WHAT YOU HAVE TO DO: The word "their" marks the lines to copy; find all of them in the entries below.

◆ ◆ ◆ ◆ ◆

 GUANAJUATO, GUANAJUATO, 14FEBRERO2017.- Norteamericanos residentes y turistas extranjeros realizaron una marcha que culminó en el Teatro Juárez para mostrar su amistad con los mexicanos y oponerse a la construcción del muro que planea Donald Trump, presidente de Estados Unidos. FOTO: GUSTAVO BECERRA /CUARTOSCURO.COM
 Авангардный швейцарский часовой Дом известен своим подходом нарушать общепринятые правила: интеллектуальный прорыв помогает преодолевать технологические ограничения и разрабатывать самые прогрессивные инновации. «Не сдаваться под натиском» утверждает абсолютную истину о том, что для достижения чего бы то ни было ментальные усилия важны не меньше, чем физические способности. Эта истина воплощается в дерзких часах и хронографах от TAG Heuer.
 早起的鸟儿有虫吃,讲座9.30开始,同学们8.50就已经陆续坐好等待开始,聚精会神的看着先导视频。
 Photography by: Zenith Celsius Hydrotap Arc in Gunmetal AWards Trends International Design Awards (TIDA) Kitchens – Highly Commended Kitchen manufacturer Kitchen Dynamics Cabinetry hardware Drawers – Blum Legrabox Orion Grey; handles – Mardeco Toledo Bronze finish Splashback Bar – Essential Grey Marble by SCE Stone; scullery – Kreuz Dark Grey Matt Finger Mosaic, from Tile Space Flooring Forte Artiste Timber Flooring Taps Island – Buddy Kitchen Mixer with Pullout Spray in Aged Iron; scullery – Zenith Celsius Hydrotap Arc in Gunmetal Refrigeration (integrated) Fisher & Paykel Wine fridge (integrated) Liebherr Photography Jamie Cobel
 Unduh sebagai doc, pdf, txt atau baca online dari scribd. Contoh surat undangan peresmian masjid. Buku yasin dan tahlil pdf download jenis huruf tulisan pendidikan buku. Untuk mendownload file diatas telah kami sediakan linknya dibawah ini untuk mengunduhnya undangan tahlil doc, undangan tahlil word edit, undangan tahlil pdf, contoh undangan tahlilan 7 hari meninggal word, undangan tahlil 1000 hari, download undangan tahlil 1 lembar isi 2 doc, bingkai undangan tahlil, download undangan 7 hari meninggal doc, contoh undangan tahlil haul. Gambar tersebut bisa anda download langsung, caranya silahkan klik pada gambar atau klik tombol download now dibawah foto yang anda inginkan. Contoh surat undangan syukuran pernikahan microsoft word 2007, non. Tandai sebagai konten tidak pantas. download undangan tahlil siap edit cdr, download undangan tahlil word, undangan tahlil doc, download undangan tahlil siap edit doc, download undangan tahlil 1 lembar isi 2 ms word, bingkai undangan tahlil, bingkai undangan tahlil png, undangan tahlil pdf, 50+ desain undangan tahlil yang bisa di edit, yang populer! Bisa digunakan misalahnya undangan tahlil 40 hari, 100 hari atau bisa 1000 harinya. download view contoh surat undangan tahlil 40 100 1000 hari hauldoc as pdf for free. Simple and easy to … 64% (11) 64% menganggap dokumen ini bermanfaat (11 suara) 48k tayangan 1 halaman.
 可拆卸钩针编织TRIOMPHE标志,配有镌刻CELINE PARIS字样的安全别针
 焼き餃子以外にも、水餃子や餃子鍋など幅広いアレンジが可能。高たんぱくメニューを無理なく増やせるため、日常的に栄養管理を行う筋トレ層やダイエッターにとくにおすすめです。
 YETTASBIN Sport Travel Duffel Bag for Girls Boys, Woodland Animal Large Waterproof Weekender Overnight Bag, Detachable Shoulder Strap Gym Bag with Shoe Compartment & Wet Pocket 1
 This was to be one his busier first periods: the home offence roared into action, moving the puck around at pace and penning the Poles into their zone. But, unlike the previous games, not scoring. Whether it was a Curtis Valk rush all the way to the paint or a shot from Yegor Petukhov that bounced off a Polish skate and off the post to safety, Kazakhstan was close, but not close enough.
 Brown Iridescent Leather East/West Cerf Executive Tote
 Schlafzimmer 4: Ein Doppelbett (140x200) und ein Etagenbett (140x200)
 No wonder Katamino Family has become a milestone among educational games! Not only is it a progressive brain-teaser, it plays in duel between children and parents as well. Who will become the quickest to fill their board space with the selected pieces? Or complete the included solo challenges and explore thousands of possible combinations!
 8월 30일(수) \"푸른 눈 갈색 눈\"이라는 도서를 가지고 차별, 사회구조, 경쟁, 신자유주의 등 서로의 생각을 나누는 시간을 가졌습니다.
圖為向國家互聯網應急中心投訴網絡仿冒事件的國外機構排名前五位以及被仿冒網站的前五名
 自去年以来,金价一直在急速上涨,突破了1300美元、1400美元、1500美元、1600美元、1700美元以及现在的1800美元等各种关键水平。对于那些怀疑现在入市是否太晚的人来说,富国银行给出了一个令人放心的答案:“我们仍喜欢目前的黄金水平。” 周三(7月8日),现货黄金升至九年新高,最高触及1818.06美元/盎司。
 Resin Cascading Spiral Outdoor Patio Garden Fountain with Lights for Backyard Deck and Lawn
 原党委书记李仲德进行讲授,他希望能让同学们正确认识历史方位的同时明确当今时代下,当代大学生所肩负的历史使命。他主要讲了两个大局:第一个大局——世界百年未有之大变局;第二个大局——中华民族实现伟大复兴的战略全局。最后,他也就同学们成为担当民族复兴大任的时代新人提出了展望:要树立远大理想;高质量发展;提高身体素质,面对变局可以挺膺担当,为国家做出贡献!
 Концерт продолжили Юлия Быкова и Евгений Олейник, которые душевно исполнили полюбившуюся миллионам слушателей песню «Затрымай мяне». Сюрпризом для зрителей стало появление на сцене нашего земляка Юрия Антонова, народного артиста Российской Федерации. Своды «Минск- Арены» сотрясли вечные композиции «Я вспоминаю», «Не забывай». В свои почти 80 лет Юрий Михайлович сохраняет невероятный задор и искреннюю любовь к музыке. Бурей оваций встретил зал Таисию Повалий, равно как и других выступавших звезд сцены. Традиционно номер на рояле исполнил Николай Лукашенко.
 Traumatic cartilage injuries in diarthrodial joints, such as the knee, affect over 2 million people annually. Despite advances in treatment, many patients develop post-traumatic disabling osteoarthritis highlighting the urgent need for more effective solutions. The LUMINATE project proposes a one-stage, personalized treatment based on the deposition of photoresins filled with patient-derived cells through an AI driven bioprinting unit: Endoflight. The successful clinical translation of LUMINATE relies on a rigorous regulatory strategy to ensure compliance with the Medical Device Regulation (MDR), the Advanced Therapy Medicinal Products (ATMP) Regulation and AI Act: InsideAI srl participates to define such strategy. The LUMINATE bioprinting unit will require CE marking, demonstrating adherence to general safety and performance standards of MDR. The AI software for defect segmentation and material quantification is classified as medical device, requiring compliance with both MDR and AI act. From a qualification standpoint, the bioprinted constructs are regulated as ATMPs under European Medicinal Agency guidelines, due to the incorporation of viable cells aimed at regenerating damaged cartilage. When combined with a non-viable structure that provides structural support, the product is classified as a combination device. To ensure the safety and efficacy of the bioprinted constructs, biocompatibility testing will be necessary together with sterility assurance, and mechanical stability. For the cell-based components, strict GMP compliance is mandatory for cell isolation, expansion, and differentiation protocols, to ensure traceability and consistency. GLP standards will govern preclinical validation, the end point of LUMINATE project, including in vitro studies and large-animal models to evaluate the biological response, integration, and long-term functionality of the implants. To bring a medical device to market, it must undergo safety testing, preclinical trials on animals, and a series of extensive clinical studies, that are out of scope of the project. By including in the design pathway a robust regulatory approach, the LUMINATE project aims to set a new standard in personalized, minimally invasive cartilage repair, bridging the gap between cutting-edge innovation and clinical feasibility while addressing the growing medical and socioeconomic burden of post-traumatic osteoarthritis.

◆ ◆ ◆ ◆ ◆

SOLUTION TO THIS EXERCISE:
 This was to be one his busier first periods: the home offence roared into action, moving the puck around at pace and penning the Poles into their zone. But, unlike the previous games, not scoring. Whether it was a Curtis Valk rush all the way to the paint or a shot from Yegor Petukhov that bounced off a Polish skate and off the post to safety, Kazakhstan was close, but not close enough.
 No wonder Katamino Family has become a milestone among educational games! Not only is it a progressive brain-teaser, it plays in duel between children and parents as well. Who will become the quickest to fill their board space with the selected pieces? Or complete the included solo challenges and explore thousands of possible combinations!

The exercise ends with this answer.